WHAT YOU HAVE TO DO — Reproduce exactly the lines below, from the first one through the line containing "7月6日,世界接吻日,重庆涪", and omit any pictures.

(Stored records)
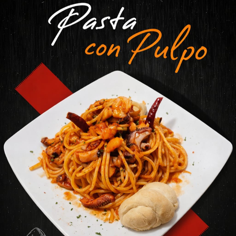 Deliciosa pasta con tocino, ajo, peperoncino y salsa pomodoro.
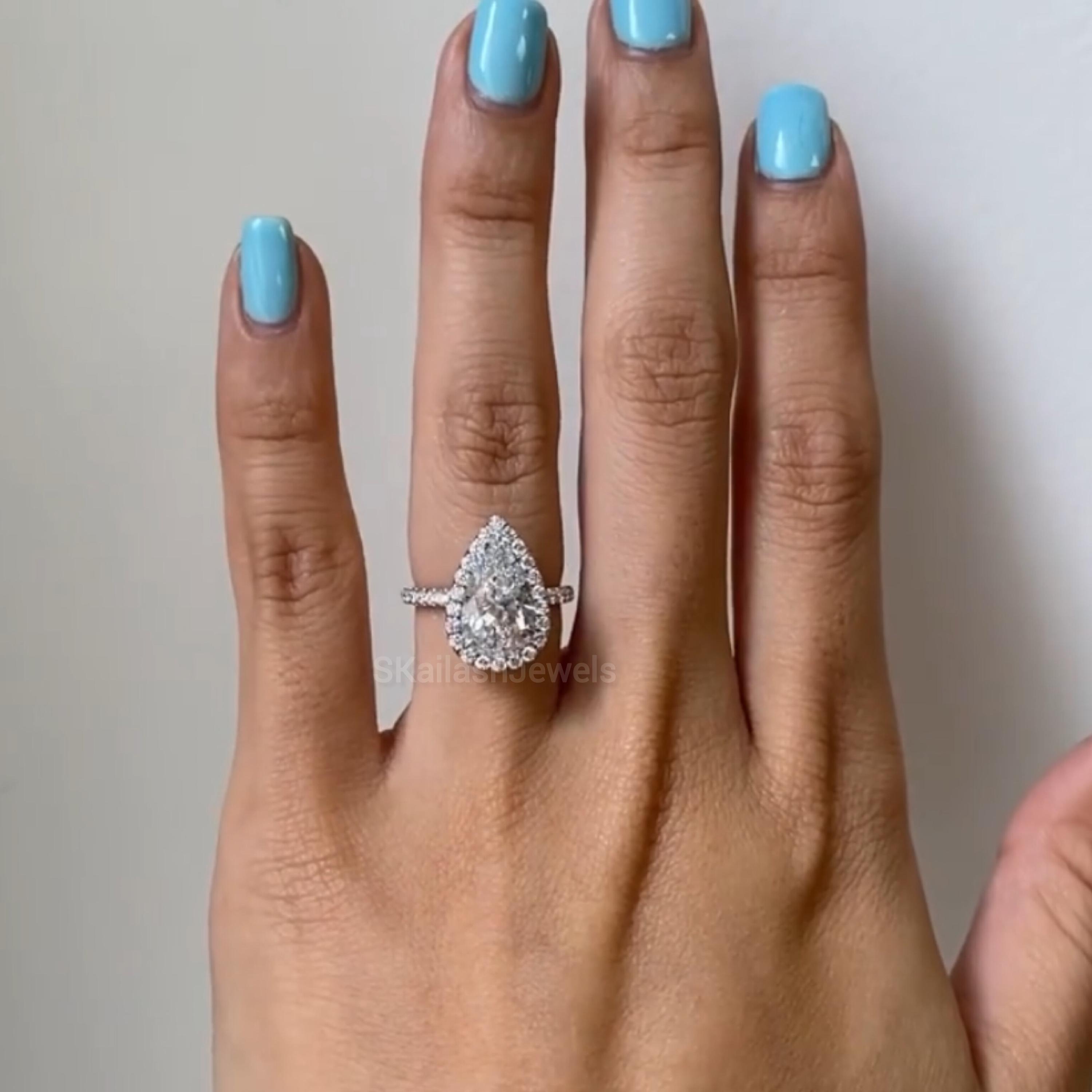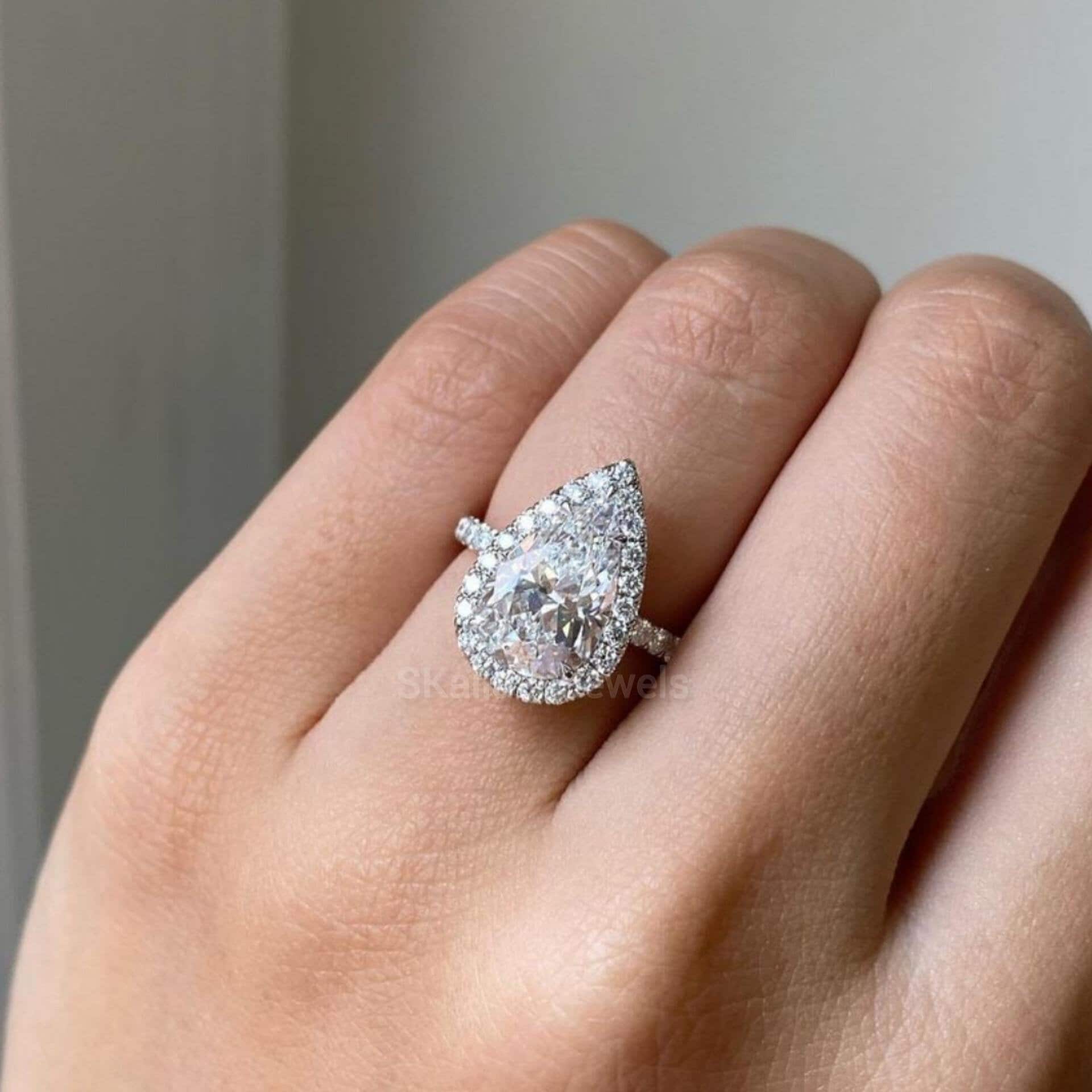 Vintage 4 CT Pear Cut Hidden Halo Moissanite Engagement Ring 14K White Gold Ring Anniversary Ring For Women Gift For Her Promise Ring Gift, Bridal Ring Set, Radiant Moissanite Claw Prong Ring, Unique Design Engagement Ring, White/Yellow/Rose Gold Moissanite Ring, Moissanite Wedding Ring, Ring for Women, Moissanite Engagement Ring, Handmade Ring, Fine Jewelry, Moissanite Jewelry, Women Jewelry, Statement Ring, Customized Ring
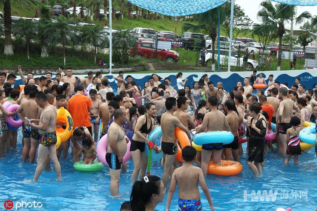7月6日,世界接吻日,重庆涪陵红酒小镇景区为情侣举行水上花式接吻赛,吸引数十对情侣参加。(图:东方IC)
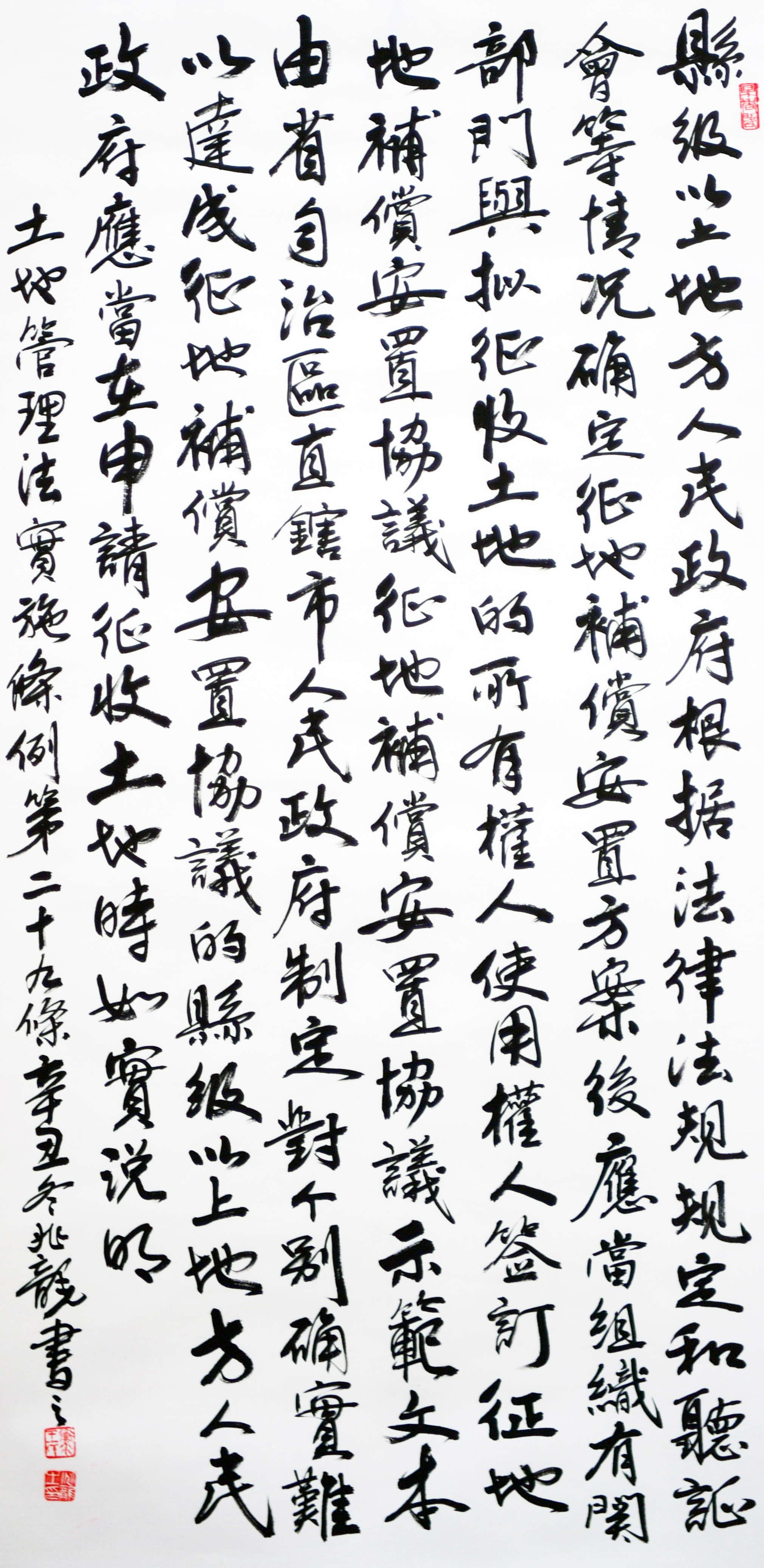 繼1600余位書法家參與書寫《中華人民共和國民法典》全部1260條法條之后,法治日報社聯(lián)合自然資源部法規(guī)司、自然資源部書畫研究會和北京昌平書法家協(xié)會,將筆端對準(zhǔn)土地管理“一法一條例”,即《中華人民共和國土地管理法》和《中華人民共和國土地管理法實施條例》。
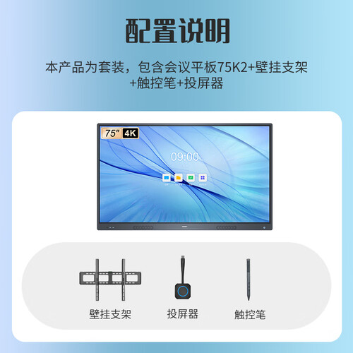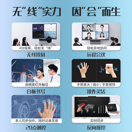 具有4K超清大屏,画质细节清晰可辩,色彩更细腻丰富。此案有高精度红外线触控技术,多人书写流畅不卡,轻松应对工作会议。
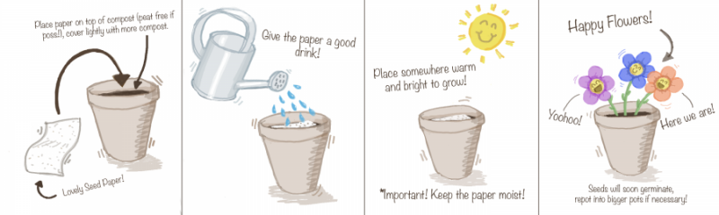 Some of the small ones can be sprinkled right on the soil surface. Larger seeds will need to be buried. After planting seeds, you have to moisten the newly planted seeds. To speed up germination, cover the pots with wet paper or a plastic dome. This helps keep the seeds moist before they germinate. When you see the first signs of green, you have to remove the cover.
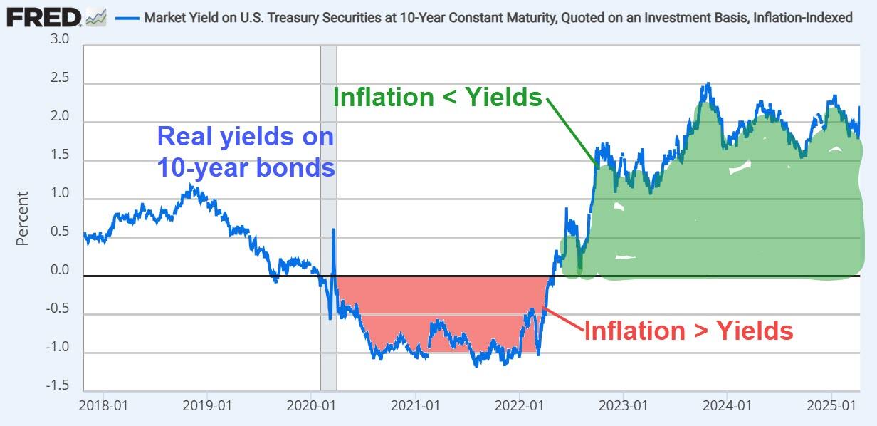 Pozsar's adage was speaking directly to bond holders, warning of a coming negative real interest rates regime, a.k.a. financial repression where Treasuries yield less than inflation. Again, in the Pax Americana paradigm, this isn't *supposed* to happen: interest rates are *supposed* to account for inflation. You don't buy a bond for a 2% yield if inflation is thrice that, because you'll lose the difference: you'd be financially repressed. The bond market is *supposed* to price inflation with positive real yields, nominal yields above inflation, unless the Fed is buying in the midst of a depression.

ANSWER BOX —
 Deliciosa pasta con tocino, ajo, peperoncino y salsa pomodoro.
 Vintage 4 CT Pear Cut Hidden Halo Moissanite Engagement Ring 14K White Gold Ring Anniversary Ring For Women Gift For Her Promise Ring Gift, Bridal Ring Set, Radiant Moissanite Claw Prong Ring, Unique Design Engagement Ring, White/Yellow/Rose Gold Moissanite Ring, Moissanite Wedding Ring, Ring for Women, Moissanite Engagement Ring, Handmade Ring, Fine Jewelry, Moissanite Jewelry, Women Jewelry, Statement Ring, Customized Ring
7月6日,世界接吻日,重庆涪陵红酒小镇景区为情侣举行水上花式接吻赛,吸引数十对情侣参加。(图:东方IC)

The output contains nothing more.